There are rules around washing bed linen and food preparation, most of which is not a concern as I live alone. The pamphlet includes twenty FAQs covering such questions as going to the movies, receiving visitors at home, catching taxis and using public transport.

The person administering the capsule spends quite some time with you to make sure you understand everything. Mine also understood my concern for my cat’s welfare and suggested I buy gloves to handle her. So I did. You also need these to pick fresh fruit and vegetables at the supermarket, although I had done a supply trip on Thursday night.

CatProtection

Plus she is not allowed in my room at night. She has a special snuggly bed I bought a while ago in preparation for this event.

I have been worried about the fact this treatment can take three months or more to really work and I have also been feeling so bad without any medication at all. I can’t take three months off work! However, the latest advice I have received is that after four days it is OK to start back on my old meds temporarily – all I have to do is call my endocrinologist if I feel I am not well enough to work without some form of treatment. That is comforting. It also means I will hit my target of resuming Limberation work at the end of November!

So how am I now? Pretty darn good really. See for yourself!

If overseas readers have trouble with my accent, that was about midday, just over 48 hours after my consumption of the radioactive material. I had already walked 7,000 steps going to the supermarket (yes, I kept two metres away from people). I feel perfectly fine, no adverse affects at all. I did not vomit, I’ve had no swelling to speak of and no pain. It occurred to me today I haven’t had a nausea attack either, but that may be merely because up until today I did not do too much. Yesterday it poured with rain here, so walking wasn’t an option and I didn’t want to try going to the gym in case I contaminated gym equipment. I did feel a little weak on Friday afternoon.

I’m monitoring my skin as it seems to be improving now I am off the medication I’d been on for the last three years. If that continues to improve I will share the details another day.

So! Onwards and upwards! May the little capsule beat my thyroid into shape and may I again be full of energy!

Edit November 20: Yippee! I can go swimming today! All the FAQs didn’t cover swimming without contaminating the pool, or returning to the gym. First thing this morning I called Nuclear Med. I can swim today, gym in two more days. Capsule day is Day 0, today is Day 3, gym will be Day 5.

Edit November 28: I may perhaps have been a little exuberant! Then again, that IS me. This week has been challenging – a lot of the time I feel fine, then the lightheadedness/nausea will overcome me. Some days have been worse than others. Yes, I have anti-nausea medication. Yesterday I gave in and rang my endocrinologist who has recommended I go back on my thyroid medication at half the dose I was previously on. My blood test yesterday showed my TSH was very low.

If I am not improved by next week, we will start looking for other causes. I still feel fine most of the time, it is just this darn lightheadedness/nausea that is a problem. I am also heat intolerant, probably due to the Grave’s Disease, and this last week has been around 33 degrees Celsius. We had a cooler day yesterday and then back up to 29 today. I think this has complicated the whole thing!

How I am feeling may well be unrelated to having stopped the thyroid medication in preparation for this treatment, but given it is the one thing that has changed, we have to go through the process of elimination.
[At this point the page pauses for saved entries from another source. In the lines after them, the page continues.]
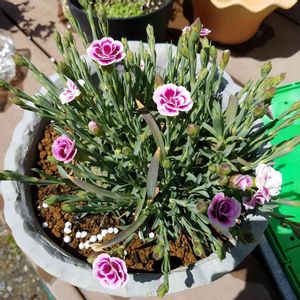 可愛らしい色の四季咲きのナデシコを植えました😄 以前からナデシコは気になってよく店で見ていましたが、今一つ決め手に欠けていて購入に至りませんでしたが、今回気に入った子を見つけたので😲✨ とても元気に咲いています😄
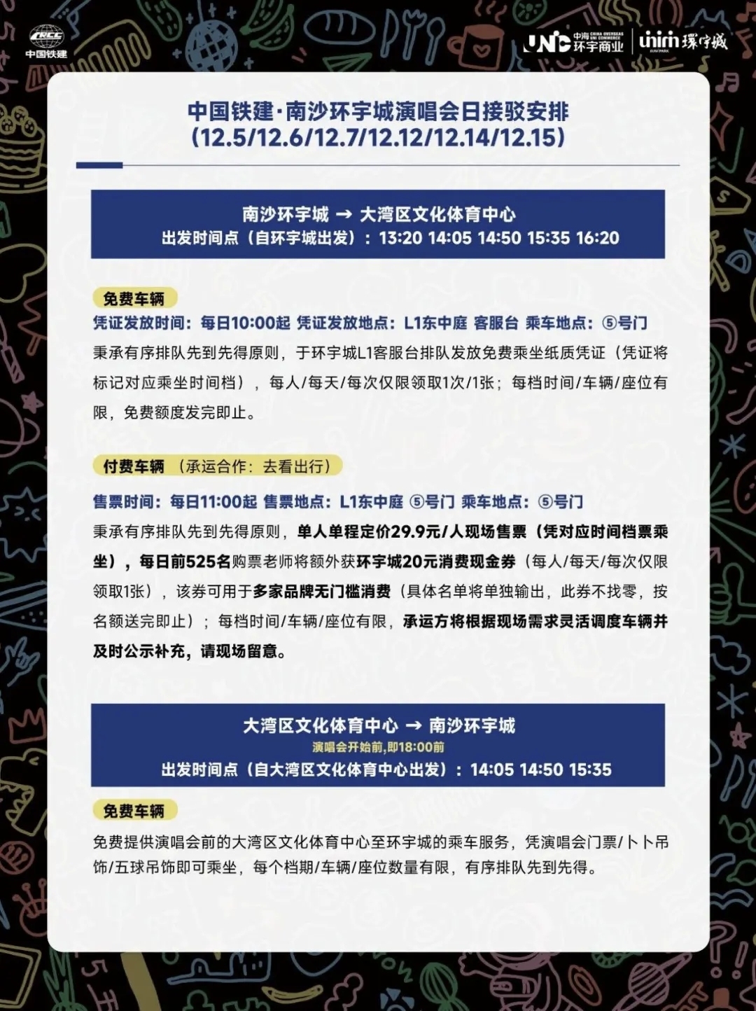 为了方便歌迷观看演唱会的同时打卡MAYDAYLAND广州站,中国铁建·南沙环宇城也正式发布接驳车指引,宣布五月天演唱会期间将有往返MAYDAYLAND与大湾区体育场的接驳车,粉丝凭票或周边吊饰即可免费乘坐,座位有限先到先得。
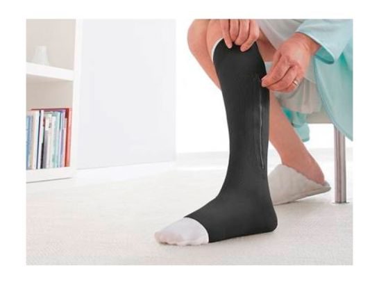 Características de la media: Está diseñada para la autogestión del paciente. Permite una fácil colocación sobre el calcetín. Tiene el talón y los dedos abiertos integrados. Está disponible con y sin cremallera. Se puede lavar a 40ºC.
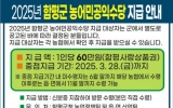 함평 김금덕 기자2025. 03.16[정보신문 = 김금덕 기자] 함평군이 지역 농어민의 농업 활동을 장려하기 위해 농가당 60만원 상당의 농어민 공익수당 지급을 시작했다. 함평군은 16일 “농어민 공익수당 중점 지급이 지난 14일부터 시작되었으며 28일까지 대상 농어민들은 관할 지역농협에서 수령할 수 있다”고 밝혔다. 앞서, 함평군은 1월 16일부터 2월 7일까지 농어민 공익수당 신청을 받았으며 3월 7일 심의 위원회 거쳐 총 8,199명 중 적격자 7,801명을 지급대상자로 선정했다. 이번 농어민 공익수당은 신분증을 지참해 본인이 직접 수령해야 한다...
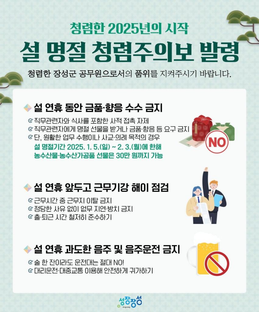 장성군 '설 명절 청렴주의보' 발령 안내문. 장성군 제공
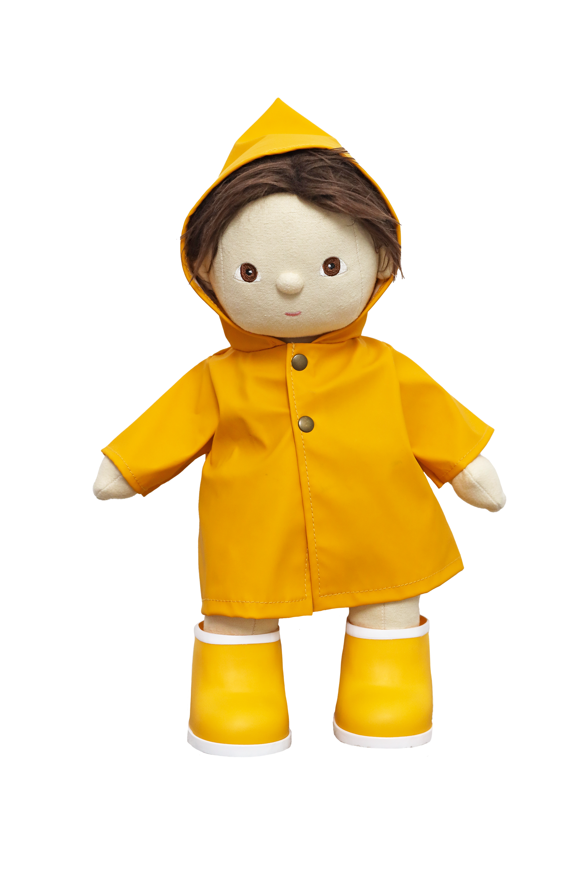 With its Dinkum sized rain hood and mini rainboots in a playful yellow colorway, the Rainy Play set is FUN, waterproof (yay for that!) and perfect for wet weather adventures!!
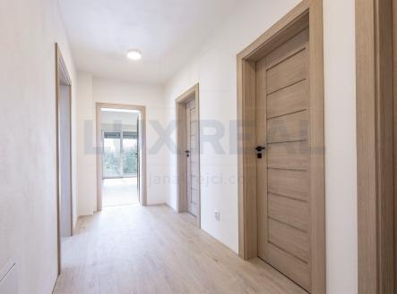 Ve výhradním zastoupení majitele Vám nabízíme pronájem bytu v Želešicích. Byt se nachází v domě se 7 bytovými jednotkami. Dispozice bytu 2+KK o výměře K bytu náleží sklepní kóje a parkovací stání. Pronájem bytu č. 3 s dispozicí 2+KK se nachází v 1.NP o celkové ploše 71,4 m2 včetně technické mistnosti + balkon 6m2. K dispozici sklep 4,3m2 a kryté parkovací stání. Vybavení bytu: vestavěná kuchyňská linka na míru s indukční varnou deskou, elektrickou deskou, myčkou, ledničky s mrazákem, mikrovlnou troubou, digestoří, dřevem s baterií. Koupelna je vybavena velkým sprchovým boxem, vanou, umyvadlem, přípravou na pračku a otopným žebříkem. Podlahy vinylové, v koupelně a na toaletě nadstandartní obklady a dlažba, interiérové dveře se zárubněmi jsou sladění se dekory podlah, dveře od bytu. Podlahové vytápění ve všech místnostech. Cena nájmu: 22.500,-Kč Zálohy na služby ve výši 3.500,-Kč (vytápění, studená voda a ohřev teplé vody, elektřina). Majitelé požadují kauci - jistotu ve výši 30.000,-Kč Lokalita se vyznačuje dobrou občanskou vybaveností. Velkou výhodou je dobrá dostupnost do centra Brna, cca 15 minut autem. V těsné blízkosti Želešice se nacházejí velká obchodní centra Olympie, Avion, Futurum, která nabízejí celou škálu nákupních možností i zábavy.

Again I stress everyone’s experience will be different. I certainly can’t complain too much, I’ve been walking and swimming, just not as much as usual. I think that’s OK given the circumstances! By yesterday I had been off medication for 22 days and the radioiodine just doesn’t work that fast (unfortunately).

I am back to work tomorrow and hope to manage a full day. Fingers crossed.

This article is written specifically from the patient perspective and should not be interpreted as any form of medical advice.